- YOUR ASSIGNMENT
Please give the lines below again exactly as they stand, from the one that contains "Introducing the Painted" up to and including the one that contains "Family photo –", leaving all pictures out.

Extracted data entries:
# # # # # # #

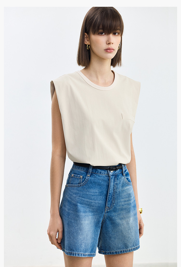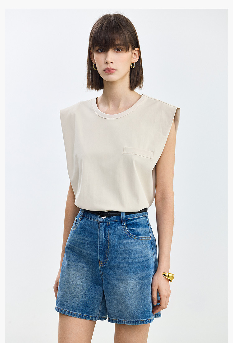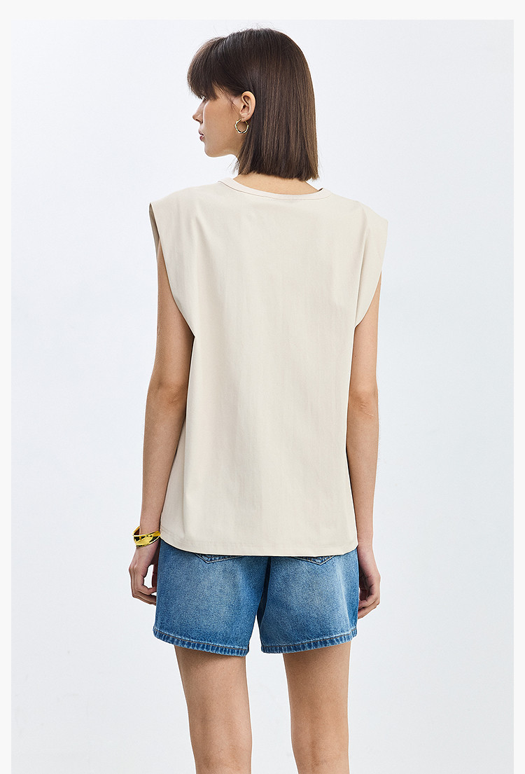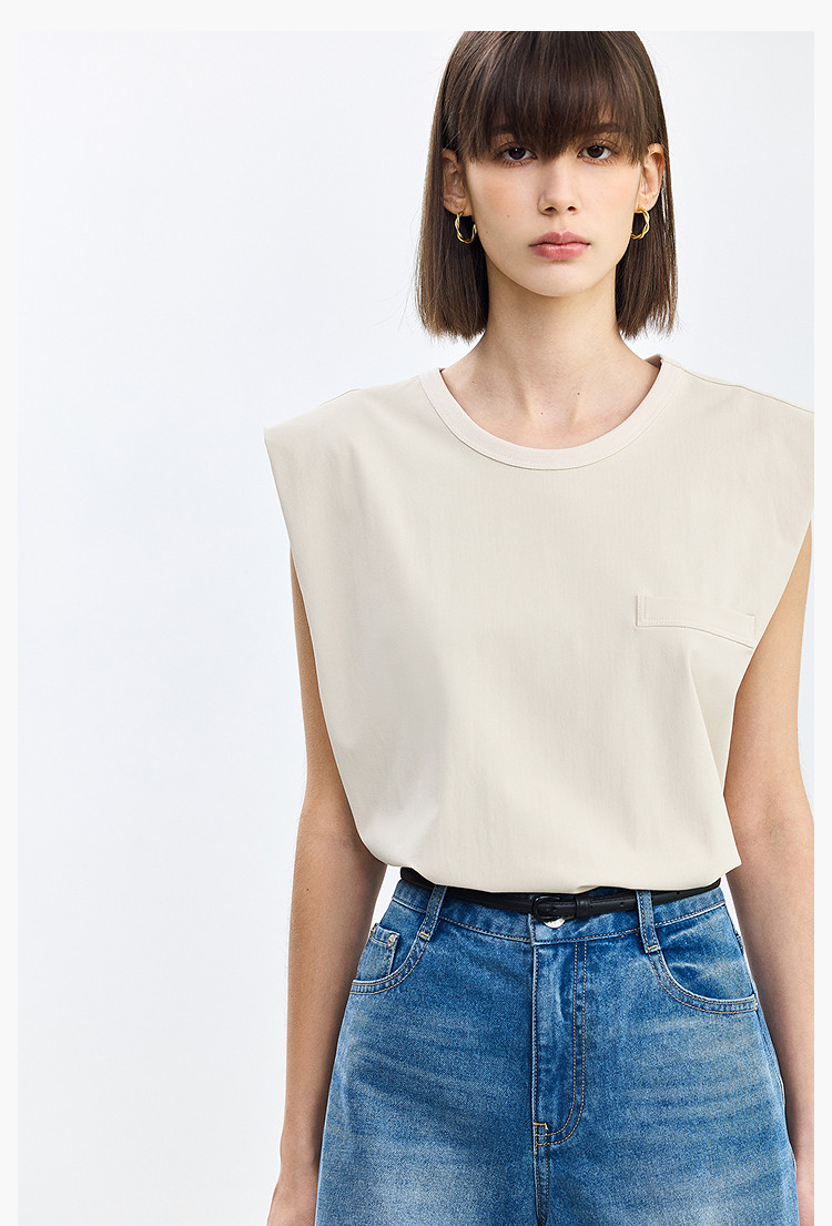 夏季美式复古休闲通勤款时尚百搭无袖T恤打底衫女 008539
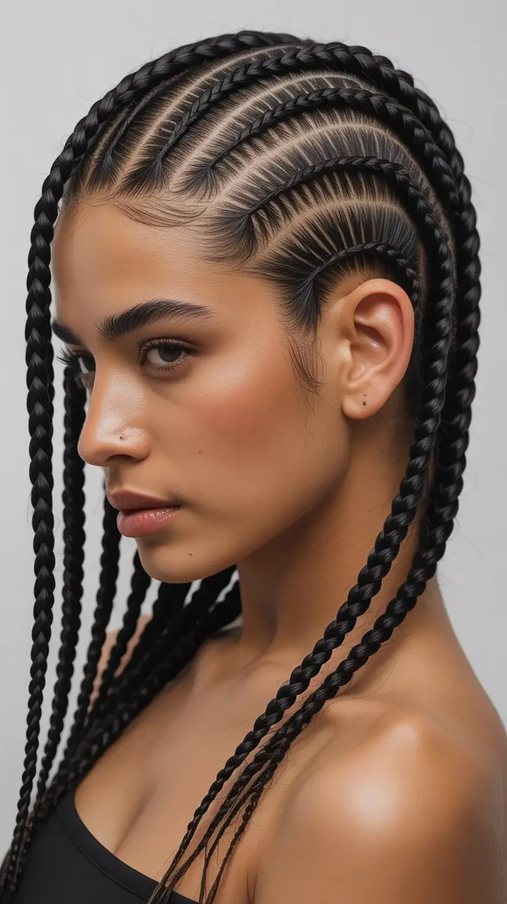 Side-swept cornrows give a fresh twist to classic cornrow styles. They’re perfect for making a bold statement. This design adds elegance and sophistication to any look.
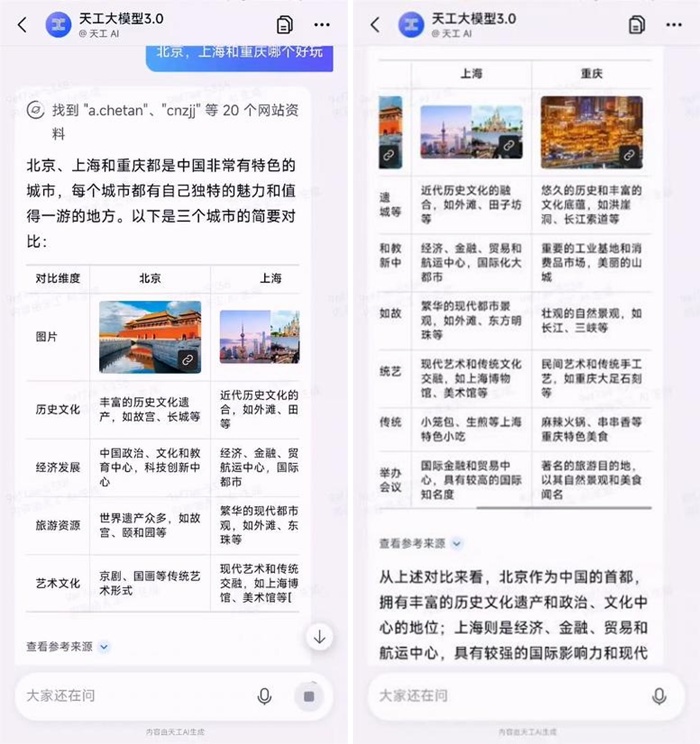 同时,“天工3.0”能够通过强大的语义理解能力将用户任务拆解成细分环节,实时判断是否需要联网或调用工具,进行单轮或多轮的联网搜索、工具调用,完成包括多轮搜索、热点信息分析、图片生成等复杂用户需求。
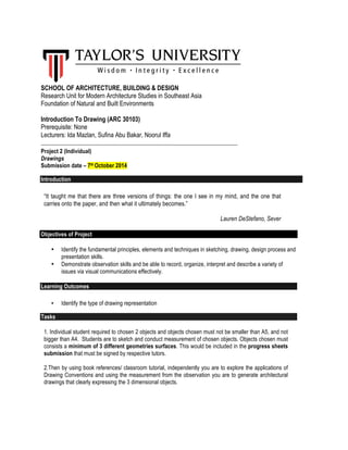 1. This document provides instructions for Project 2 of the Introduction to Drawing course.
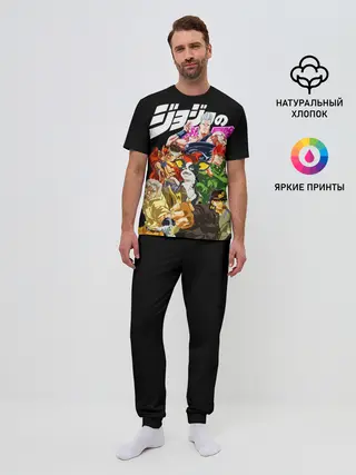 Мужская пижама с брюками / Jojo герои на черном
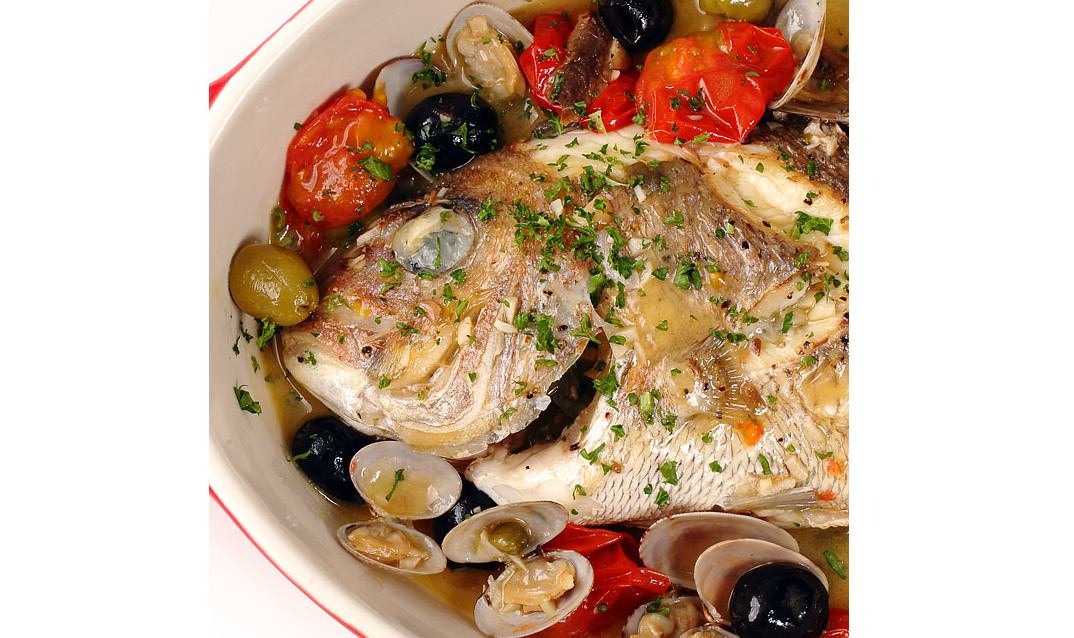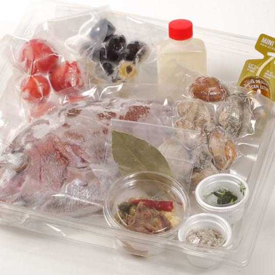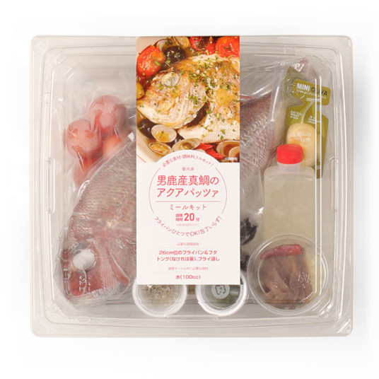 【素材】真鯛(秋田県産)、ミニトマト、あさり、白ワイン、オリーブオイル、オリーブ(黒)、オリーブ(緑)、アンチョビ、にんにく、ケーパー、パセリ、食塩、唐辛子、こしょう、ローリエ、ローズマリー、タイム/色調安定剤(グルコン酸第一鉄)
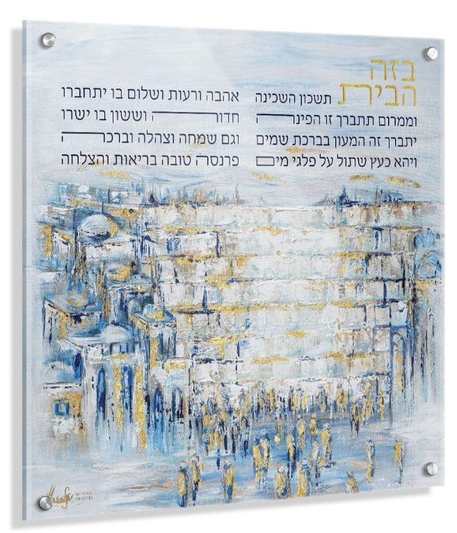 Introducing the Painted Birchas Habayis — an exquisite piece printed on crystal-clear lucite with a touch of blue for a nearly one-of-a-kind look. This beautiful Judaica wall art brings elegance and spiritual meaning to any home. Featuring the Birchas Habayis blessing, its vibrant design makes it a standout piece, and it pairs perfectly with other items in the same collection.
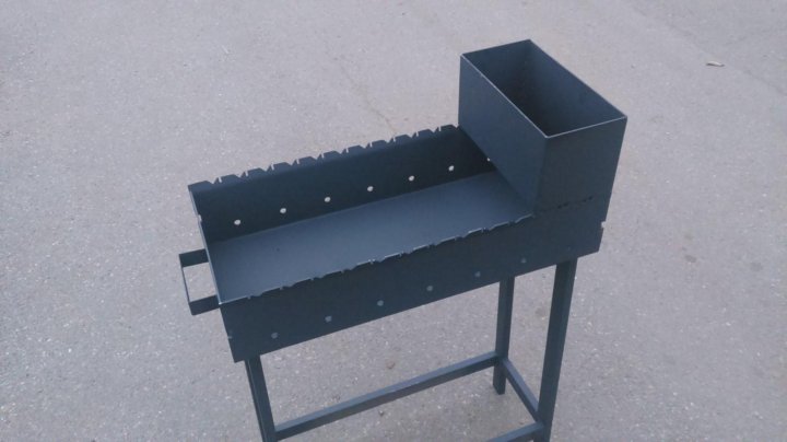 Если делать высоту меньше, то мясо будет подгорать, а более высокие стенки потребуют большое количество углей. Кроме того, по длинным стенкам делаются сантиметровые полукруглые, треугольные или щелевые прорези для лучшей фиксации шампуров в определённом положении.
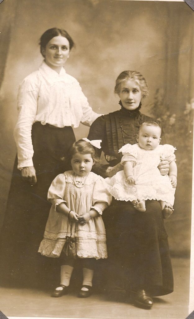 Family photo – Mother sitting with youngest grandchild on her knee. Daughter standing beside her with her eldest daughter standing in front. 1914-1918?
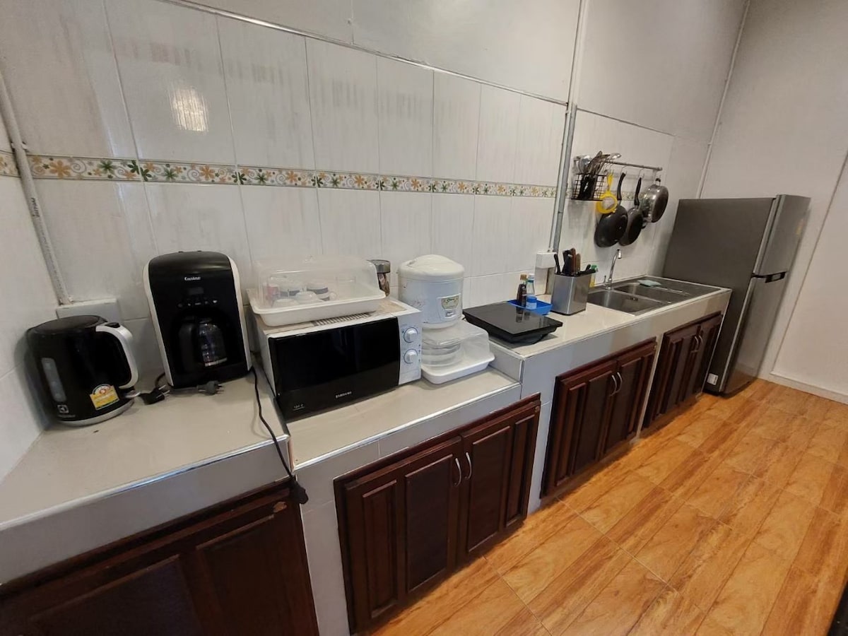Hay un descuento mensual del 50 % :) Bienvenido a nuestra acogedora casa de madera en Krabi Town , enclavada en medio de la serena belleza de la naturaleza, nuestro refugio único es más que un lugar para alojarse: es un refugio cálido y acogedor que se siente como en casa. Nuestra casa hecha a mano es el resultado de un arduo trabajo, diseñada y construida por mi padre y por mí. El uso de madera natural refleja nuestro compromiso de crear un ambiente acogedor y cómodo.
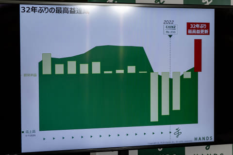 収益面では、32年ぶりに最高益を更新。50年を節目に新生ハンズをさらに飛躍させていく土台は整ったと説明した。
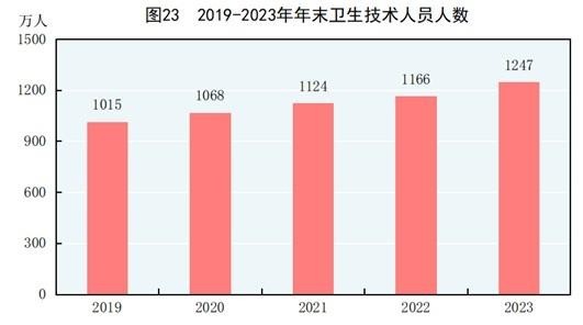 年末全國共有醫(yī)療衛(wèi)生機構(gòu)107.1萬個,其中醫(yī)院3.9萬個,在醫(yī)院中有公立醫(yī)院1.2萬個,民營醫(yī)院2.7萬個;基層醫(yī)療衛(wèi)生機構(gòu)101.6萬個,其中鄉(xiāng)鎮(zhèn)衛(wèi)生院3.4萬個,社區(qū)衛(wèi)生服務(wù)中心(站)3.7萬個,門診部(所)36.2萬個,村衛(wèi)生室58.3萬個;專業(yè)公共衛(wèi)生機構(gòu)1.2萬個,其中疾病預(yù)防控制中心3426個,衛(wèi)生監(jiān)督所(中心)2791個。衛(wèi)生技術(shù)人員1247萬人,其中執(zhí)業(yè)醫(yī)師和執(zhí)業(yè)助理醫(yī)師478萬人,注冊護士563萬人。醫(yī)療衛(wèi)生機構(gòu)床位1020萬張,其中醫(yī)院800萬張,鄉(xiāng)鎮(zhèn)衛(wèi)生院151萬張。全年總診療人次95.6億人次,出院人次3.0億人次。

# # # # # # #

- RESULT OF THE EXERCISE
 Introducing the Painted Birchas Habayis — an exquisite piece printed on crystal-clear lucite with a touch of blue for a nearly one-of-a-kind look. This beautiful Judaica wall art brings elegance and spiritual meaning to any home. Featuring the Birchas Habayis blessing, its vibrant design makes it a standout piece, and it pairs perfectly with other items in the same collection.
 Если делать высоту меньше, то мясо будет подгорать, а более высокие стенки потребуют большое количество углей. Кроме того, по длинным стенкам делаются сантиметровые полукруглые, треугольные или щелевые прорези для лучшей фиксации шампуров в определённом положении.
 Family photo – Mother sitting with youngest grandchild on her knee. Daughter standing beside her with her eldest daughter standing in front. 1914-1918?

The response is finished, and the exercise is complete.